Y cuando, abatido por la dura bofetada de esa realidad tan hiriente, se dispone a retirarse a su habitáculo de enfermo enclaustrado, la vuelve a oír, pero esta vez no canta, sino que le habla.

—Hola, buenos días —escucha Alberto a sus espaldas, obligándole a girarse con mucha cautela para que no se note la rotación de su silla de ruedas. Pero esa es una auténtica misión imposible.

—Ho…, hola —le devuelve el saludo Alberto, azorado, no tanto por su timidez sino por el embarazo al verse, muy probablemente, descubierto.

—Me llamo Irene, y soy nueva en el vecindario —se le adelanta la chica—. Mis padres y yo acabamos de mudarnos. Perdona lo de ayer, pero…

—Yo soy Alberto, la interrumpe el muchacho. ¿Qué es lo que tengo que perdonarte? —inquiere, nervioso.

—Pues por haberte dejado plantado sin despedirme. Es que me pillaste desprevenida y sentí vergüenza. Fue como si me hubieras sorprendido haciendo algo ridículo —añade sonriendo.

—Tarareabas un tema de los Beatles.

—Sí, era…

Norwegian Wood —vuelve a cortarla Alberto.

—Veo que la conoces. ¿Te gustan los Beatles?

—¿Qué si me gustan? ¡Me encantan! A la mayoría de los de mi edad les resulta pasados de moda, pero para mí son tan actuales como cuando estaban en activo.

—¿Cuántos años tienes? —pregunta la chica, curiosa.

—Acabo de cumplir los veinte. ¿Y tú?

—Yo tengo dieciséis, pero voy para los diecisiete —añade vanidosa.

Tras un embarazoso silencio, Irene le pregunta:

—¿Desde cuándo estás así?

Me lo temía —piensa Alberto—. Se ha dado cuenta.

—¿Te refieres a… esto? —una pregunta retórica, mientras se mueve hacia atrás y hacia delante impulsándose con los brazos.

—Sí, a eso.

—Pues hará pronto dos años —le confirma apesadumbrado.

—¡Pues sí que es casualidad!

—¿Casualidad? ¿A qué te refieres? —pero no hace falta aclaración alguna, porque Irene le imita con los mismos movimientos de vaivén.

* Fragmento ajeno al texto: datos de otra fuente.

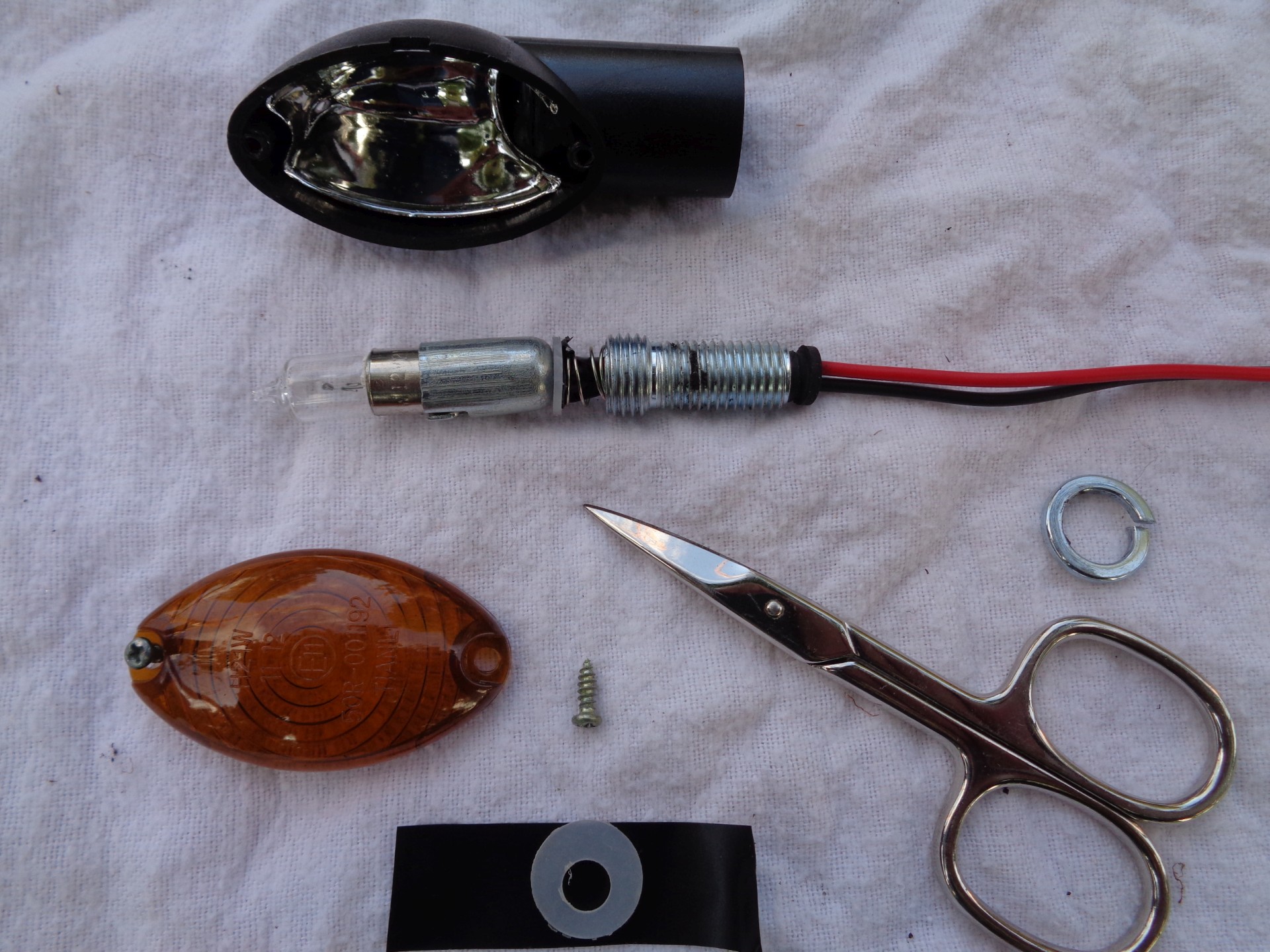 Eine zusätzliche Isolierung musst also her: nach dem vollständigen Zerlegen hab ich eine U-Scheibe aus Plastik, auf ø gebracht mit der Nagelschere und mit Isolierband fixiert, zwischen Lampenfassung und Feder montiert, siehe Bild 2. Angebaut, getestet und gefahren, funktioniert einwandfrei ;) bier

—Yo llevo así más tiempo que tú. En Navidad hará cinco años.

 

Desde aquel día, Alberto experimenta una metamorfosis vital. Su estado de ánimo ha cambiado de tal modo que no parece el mismo. Y no parece el mismo porque ya no lo es.

Ahora se han invertido los papeles. Alberto se ha vuelto comunicativo con su madre a la vez que ella se ha encerrado en un caparazón impermeable. Cuando él habla, Julia no le presta atención y cuando es ella quien lo hace, él no la escucha, pero no por desinterés, como antes, sino porque no puede dejar de pensar en Irene a todas horas.

Poco a poco, la situación va mutando a algo indefinible. Cuanto más animado está el joven, más se le agria el carácter a la mujer. Y Todavía irá a peor.

Alberto e Irene se han hecho inseparables y su amistad se ha trasformado en amor, un amor físico y espiritual. Salen todos los días a pasear por la mañana y mantienen largas conversaciones por la tarde, prácticamente hasta la hora de acostarse. Sus ventanas ya no son el vehículo de sus confidencias. Pasan largas horas juntos, para conocerse mejor, en casa de uno o del otro.

Están convencidos de ser la pareja perfecta. Pero Julia discrepa totalmente. Esa relación no tiene ningún futuro, opina. Pero esa opinión es, en realidad, fruto de los celos y del miedo. Celos al verse desplazada por una niñata, y miedo por verse sola en la madurez de su vida. ¡Después de lo que se ha sacrificado! Cómo puede robarle a su hijo una desconocida que ha aparecido en sus vidas hace apenas… ¿Cuánto hace que se ha interpuesto entre madre e hijo, la verdadera pareja perfecta? Qué más da, pero se le está haciendo cada vez más insoportable.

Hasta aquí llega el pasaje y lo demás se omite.